Mobile Site Analytics

Mobile site analytics can help the brand and companies solve the mystery of how mobile consumers are engaging and interacting with their site.

 

Without dedicated customer experience metrics, brands, marketers, and companies cannot tell whether the mobile site experience actually got better or how changes in the quality of that experience affected the site’s business performance.

 

Visitors tend to focus on three basic things when evaluating a mobile site: usefulness, ease-of-use, and how enjoyable it is. Metrics should measure these criteria with completion rates and survey questions.

 

Mobile Clustering Analysis

Clustering is the partition of a dataset into subsets of “similar” data, without using a priori knowledge about properties or existence of these subsets.

 

For example, clustering analysis of mobile site visitors might discover a high propensity for Android devices to make higher amounts of purchases of, say, Apple mobiles.
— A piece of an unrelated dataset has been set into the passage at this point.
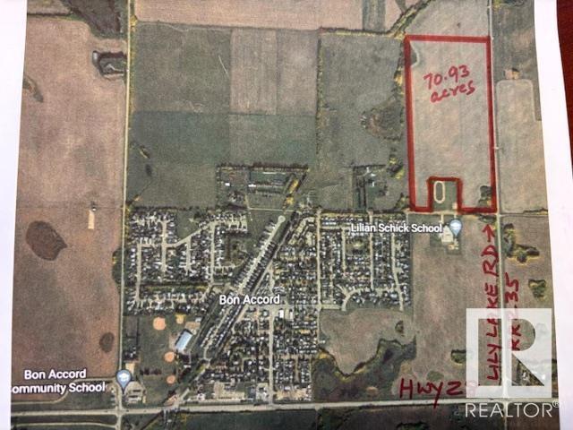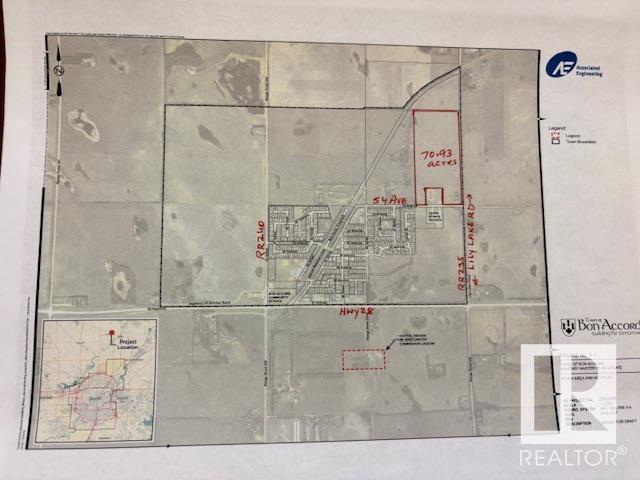 70.93 acres located on NW Corner of LILY LAKE ROAD (RR235) and 54 ave in Town of BON ACCORD. It is well located piece of land, just north of the corner of HWY 28& LILY LAKE RD (RR235). This excellent parcel of land is almost immediately developable into Residential, business and industrial type of developments. Town of BON ACCORD is very co-operative pro-development locality situated right on HWY 28 (about 15 minutes from city of Edmonton's northern boundary). Town of BON ACCORD can be accessed from Edmonton through HWY 28A (via Manning Drive) and through HWY 28 going north via 97 St. NW. (id:63190)

Clusters can be mutually exclusive (disjunct) or overlapping. Clustering can lead to the autonomous discovery of typical customer profiles.

 

Clustering detection is the creation of models that find mobile behaviors that are similar to each other; these clumps of similarity can be discovered using SOM software to find previously unknown patterns in mobile datasets.

 

Unlike classification software, which analyzes for predicting mobile behaviors, clustering is different in that the software is “let loose” on the data; there are no targeted variables. Instead, it is about exploratory autonomous knowledge discovery.

 

The clustering software automatically organizes itself around the data with the objective of discovering some meaningful hidden structures and patterns of mobile behaviors.

 

This type of clustering can be done to discover keywords or mobile consumer clusters, and it is a useful first step for mining mobiles. It allows for the mapping of mobiles into distinct clusters of groups without any human bias.

 

Clustering is often performed as a prelude to the use of classification analysis using rule- generating or decision-tree software for modeling mobile device behaviors.

 

Market basket analysis using a SOM is useful in situations where the marketer or brand wants to know what items or mobile behaviors occur together or in a particular sequence or pattern.

 

The results are informative and actionable because they can lead to the organization of offers, coupons, discounts, and the offering of new products or services that prior to the analysis were unknown.

 

Clustering analyses can lead to answers to such questions as for why do products or services sell together, or who is buying what combinations of products or services; they can also map what purchases are made and when. Unsupervised knowledge discovery occurs when one cluster is compared to another and new insight is revealed as to why.

 

For example, SOM software can be used to discover clusters of locations, interests, models, operating systems, mobile site visitors, and app downloads, thus enabling a marketer or developer to discover unique features of different consumer mobile groupings.